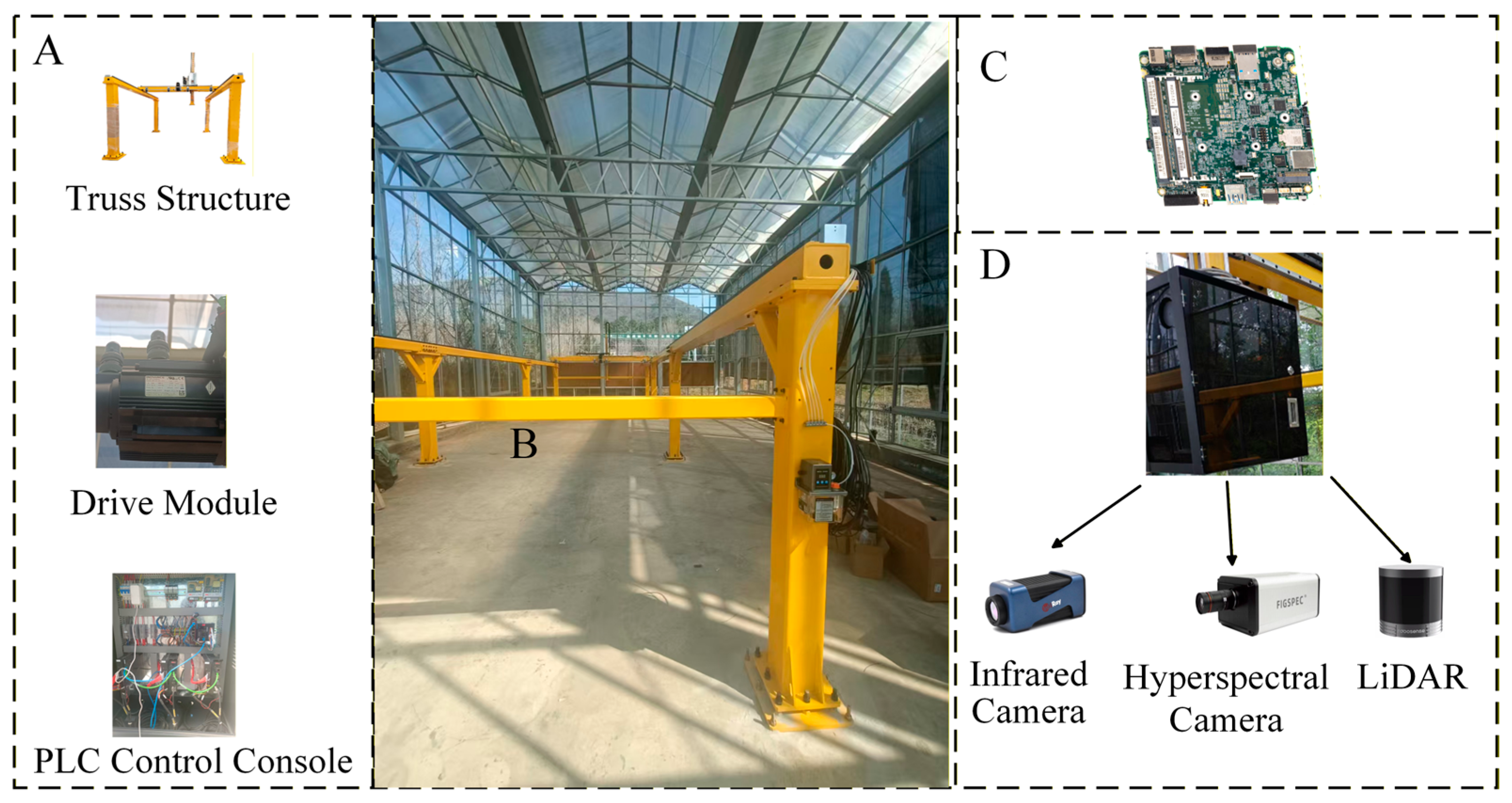 Part D of the platform is the sensor cabin, which combines multiple sensing systems for comprehensive data collection. It is mounted on the truss’s Z-axis and can move vertically to capture images at various plant heights. The cabin contains three sensors. First, an AT61P thermal infrared camera (IRay Technology Co., Ltd., Yantai, China) operates at 12 V, detects temperatures from −20 °C to 150 °C, and provides images at 640 × 512 pixels with ±2 °C accuracy; it is used to monitor plant water status. Second, an FS-22 hyperspectral camera (Hangzhou CHNSpec Technology Co., Ltd., Hangzhou, China) runs on an internal 18 V battery, offers 640 × 480 pixel resolution, automatic focusing, and a spectral range of 400–1000 nm, enabling assessment of plant physiological and biochemical characteristics. Third, an RSHelios LiDAR unit (RoboSense Technology Co., Ltd., Shenzhen, China). It installed in a fixed position within the sensor cabin, mounted on the truss’s Z-axis. The LiDAR performs mechanical spinning (rotating) scans with 32 channels, covering a full 360° horizontally and 26° vertically, with a horizontal angular resolution of 0.4°. The sensor acquires point clouds at a frequency of 20 Hz and stores the data in PCD format. This configuration enables high-density 3D capture of plant structures across multiple heights during platform movement.
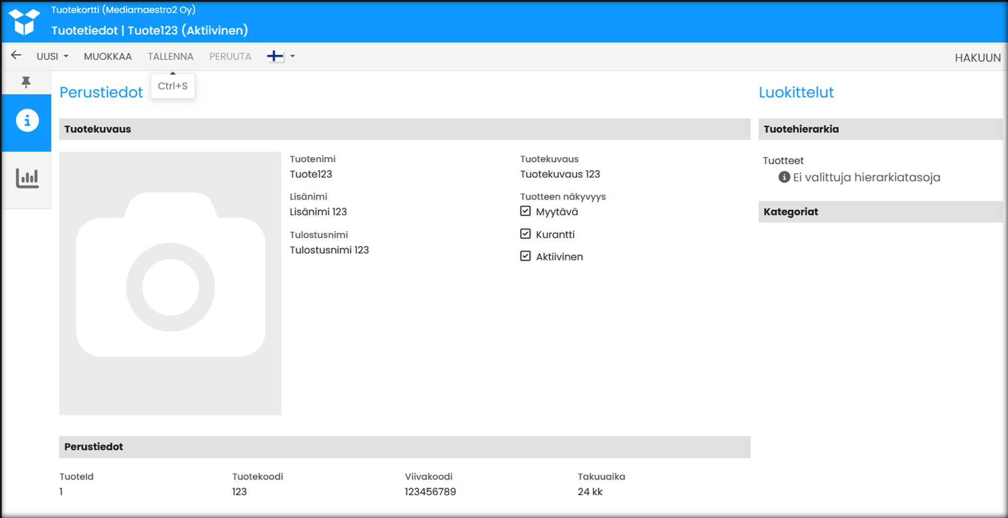 | TALLENNA | Tallentaa tehdyt muutokset tuotekortille. |
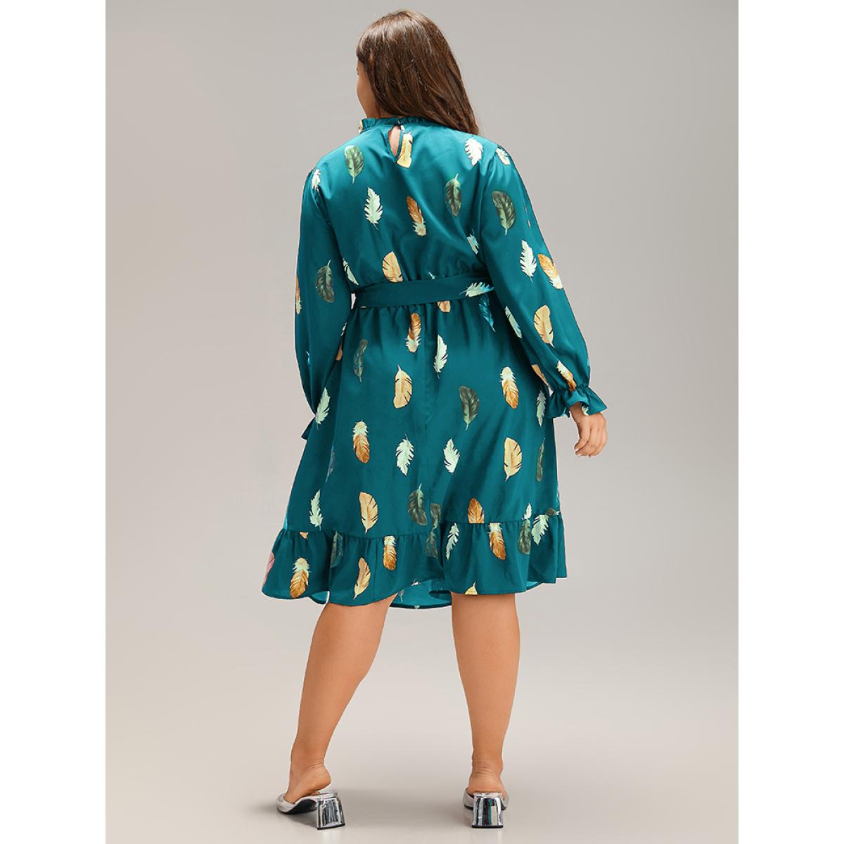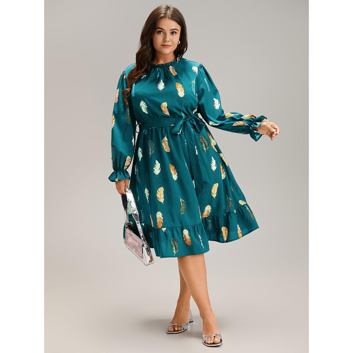 Plus Size Feather Print Frill Trim Belted Ruffle Hem Dress Teal Women At the Office Gathered Stand-up collar Long Sleeve Curvy Knee Dress BloomChic 12/L
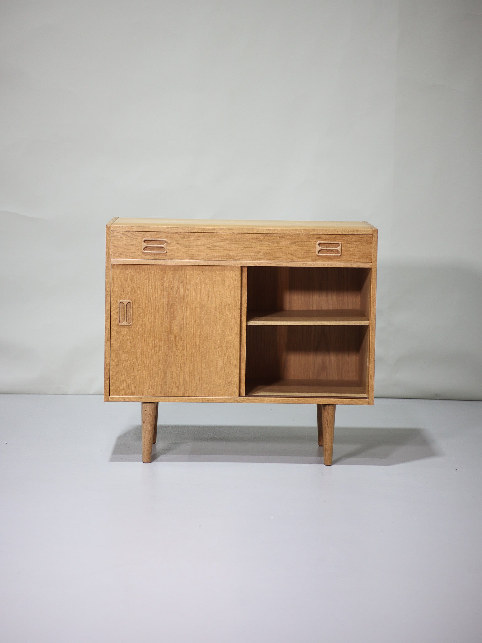 Mooi eikenhouten dressoir uit Denemarken, jaren '60. Deze kast heeft twee schuifdeuren en een brede lade. In de kast zit een in hoogte verstelbare plank. Ook goed te gebruiken als platenkastje als je de plank eruit haalt. Daarnaast geschikt om om te bouwen tot badkamermeubel.
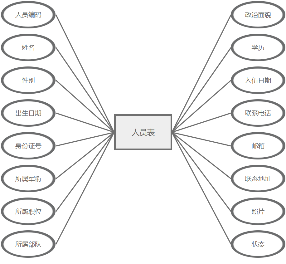 人员管理主要属性包括:人员编码、姓名、性别、出生日期、身份证号、所属军衔、所属职位、所属部队、政治面貌、学历、入伍日期、联系电话、邮箱、联系地址、照片、状态。
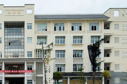 学校背靠巍峨挺拔的镇宁山,斜依苍翠葱郁的青龙山,与幽逸奇趣的犀牛洞隔溪相望,校内小溪潺潺,绿树成荫,建筑错落有致,被原国家教委领导誉为“盆景学校”,音乐楼还享有“小布达拉宫”的美称。
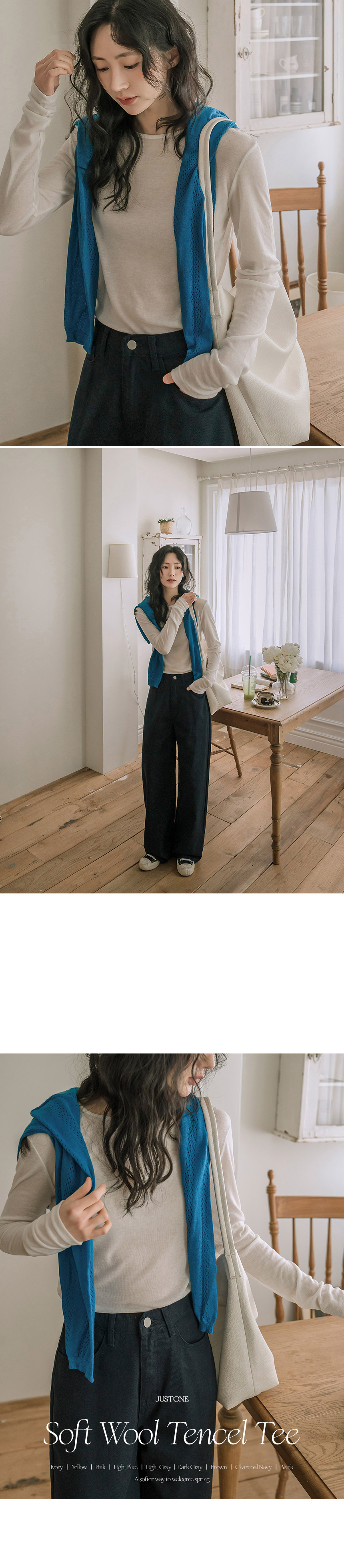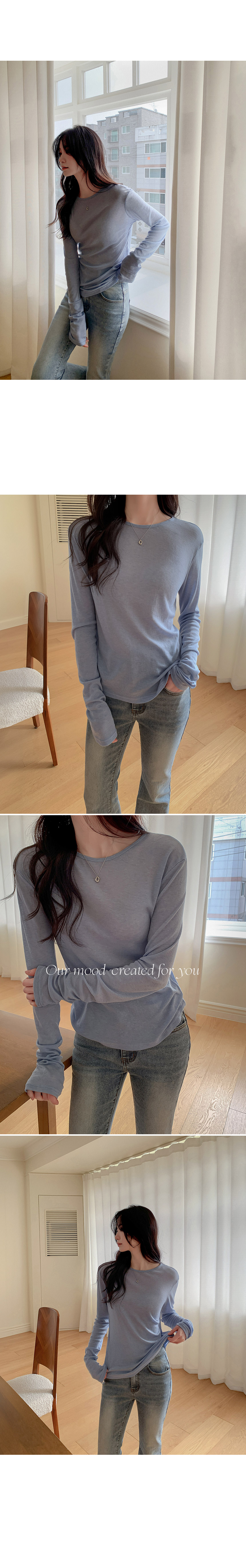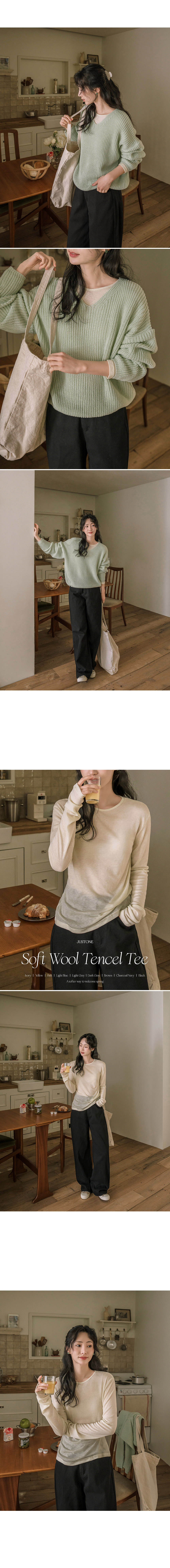 This T-shirt, crafted from a tencel-wool blend, feels as light and cozy as a cloud—almost like wearing it inside out! The thin, slightly sheer fabric creates a slim yet delicate silhouette, and its perfect fit makes it ideal for layering.
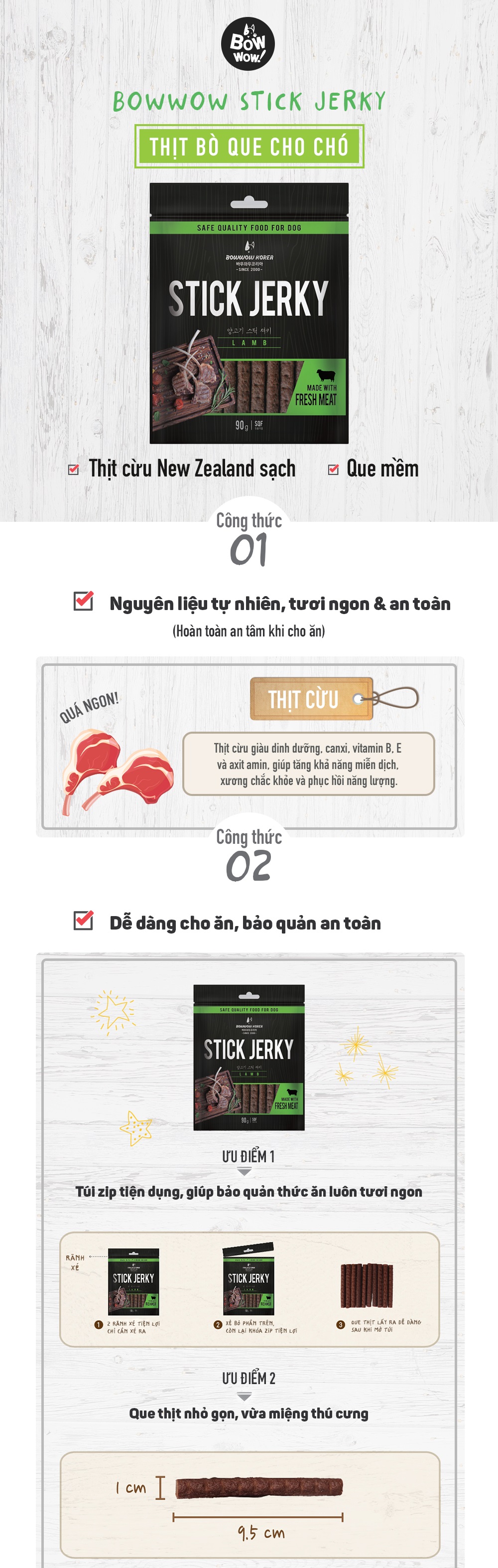Thịt cừu que cho chó Bowwow được làm từ thịt cừu tươi Úc, chứa hàm lượng protein cao, giúp làn da và bộ lông của chó khỏe mạnh, hỗ trợ hệ tiêu hóa và khả năng hấp thụ dưỡng chất.
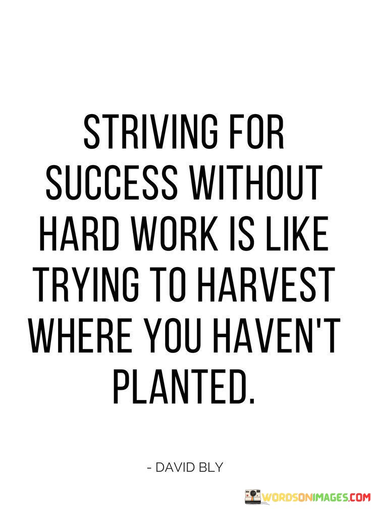 The analogy "Striving For Success Without Hard Work Is Like Trying To Harvest Where You Haven't Planted" vividly illustrates the principle that effort and preparation are necessary prerequisites for achieving desired outcomes. In this context, the first paragraph highlights the futility of expecting results without putting in the necessary work.
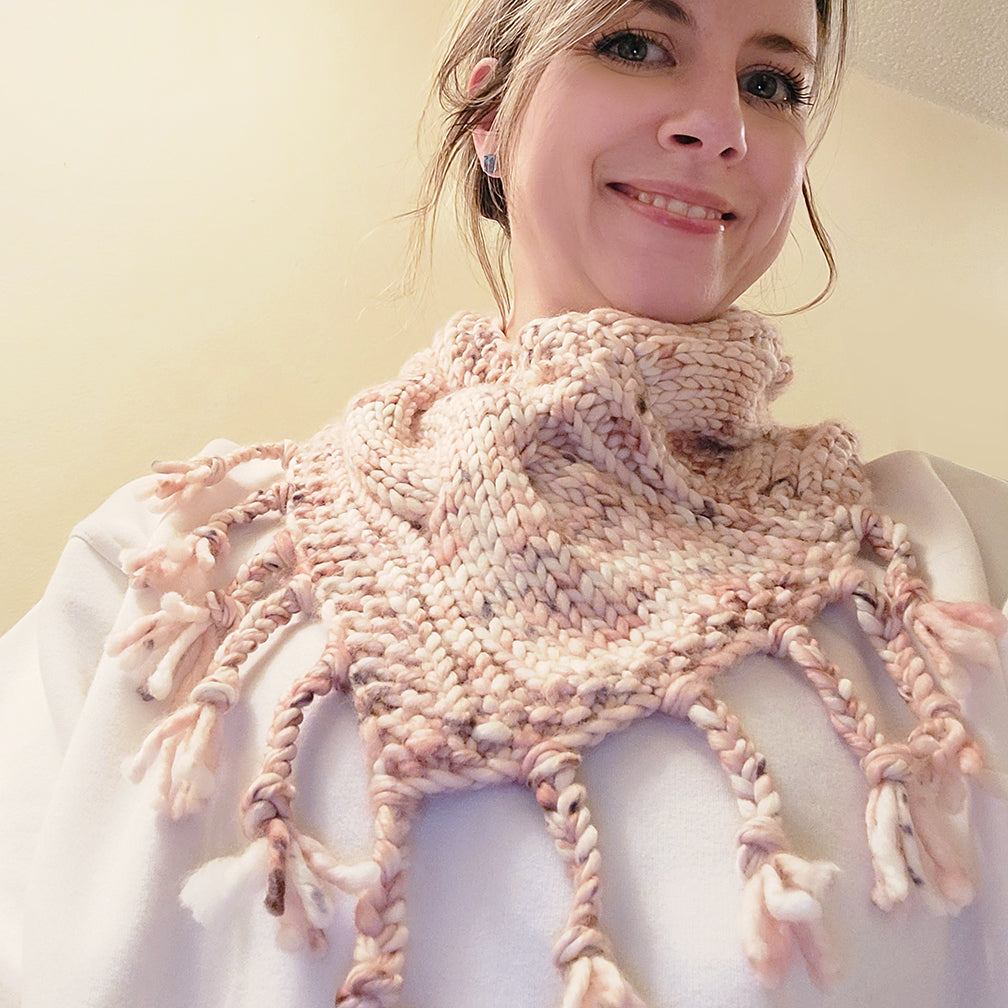 Bestie Bandana is the coolest Bandana this season! It’s perfect for the cooler months, and you won’t want to pack it away for Spring or Summer either. Knit with a bulky-weight yarn, Bestie Bandana is a quick & fun knit; make a few for you and one for your bestie. Worn around the neck, this bandana is the go-to fashion accessory of the season; easy to wear, simple to make!
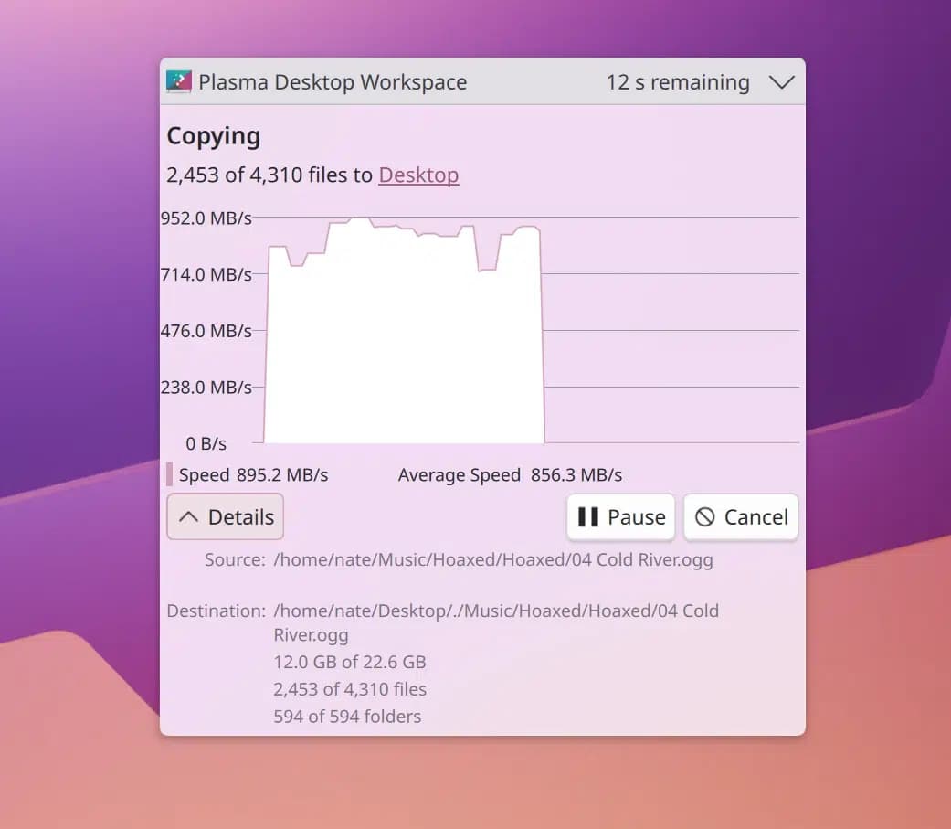 - Al hacer clic en el botón «Detalles» de una notificación del sistema que muestra el progreso de la transferencia de archivos, ahora se muestra un gráfico con la velocidad de transferencia a lo largo del tiempo.
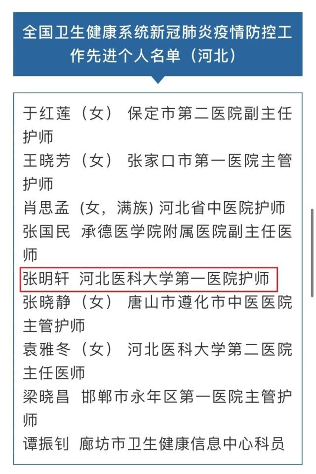 河北医科第一医院重症医学科护师张明轩荣获「全国卫生健康系统新冠肺炎疫情防控工作先进个人」称号。
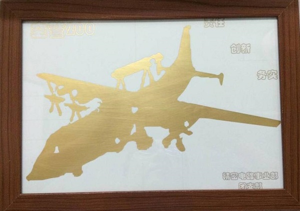 “責任”代表我們時刻牢記身肩國防重任;“創(chuàng)新”突出了本次創(chuàng)新文化大賽的內涵,同時也代我們印制板人在探索印制板制作技術上不斷創(chuàng)新的精神;“務實”代表印制板人腳踏實地,一步一個腳印的走在行業(yè)引導地位?!坝≈瓢瀹嫛弊髌穭?chuàng)新運用38所重點產品圖片代替?zhèn)鹘y(tǒng)的線路圖形,并用印制板生產工藝加工成型。
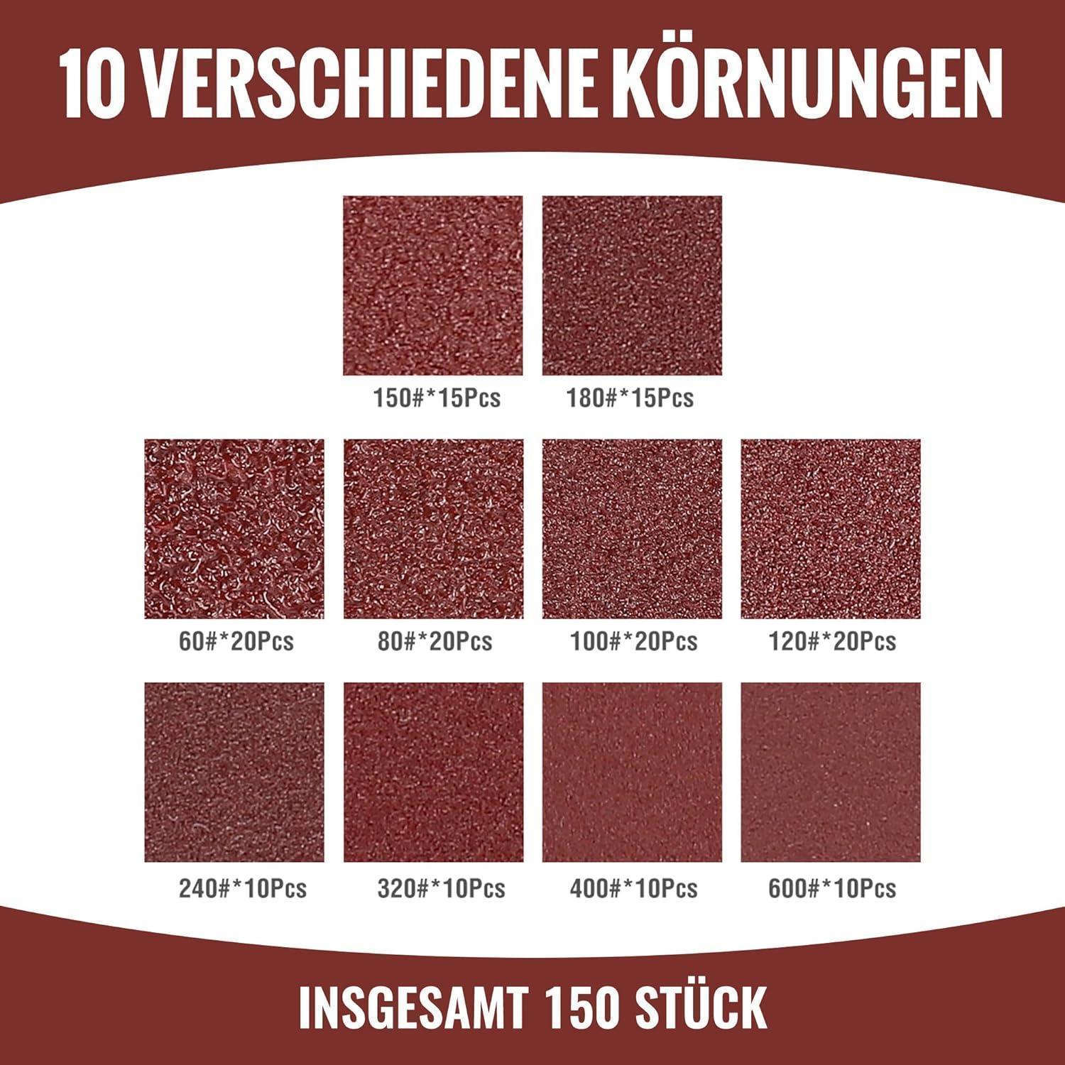 Verschiedene Körnungen - Enthält 9 Arten von Körnungen von grob bis fein (60/80/100/150/180/240/320/400/600) für vielfältige Anwendungsmöglichkeiten.
---*---
→ What you should do: Only the lines starting at the one that includes "人员管理主要属性包括:人员编" and ending at the one that includes "学校背靠巍峨挺拔的镇宁山,斜" should be retyped, exactly, from the records above; no pictures.

→ Answer below:
 人员管理主要属性包括:人员编码、姓名、性别、出生日期、身份证号、所属军衔、所属职位、所属部队、政治面貌、学历、入伍日期、联系电话、邮箱、联系地址、照片、状态。
 学校背靠巍峨挺拔的镇宁山,斜依苍翠葱郁的青龙山,与幽逸奇趣的犀牛洞隔溪相望,校内小溪潺潺,绿树成荫,建筑错落有致,被原国家教委领导誉为“盆景学校”,音乐楼还享有“小布达拉宫”的美称。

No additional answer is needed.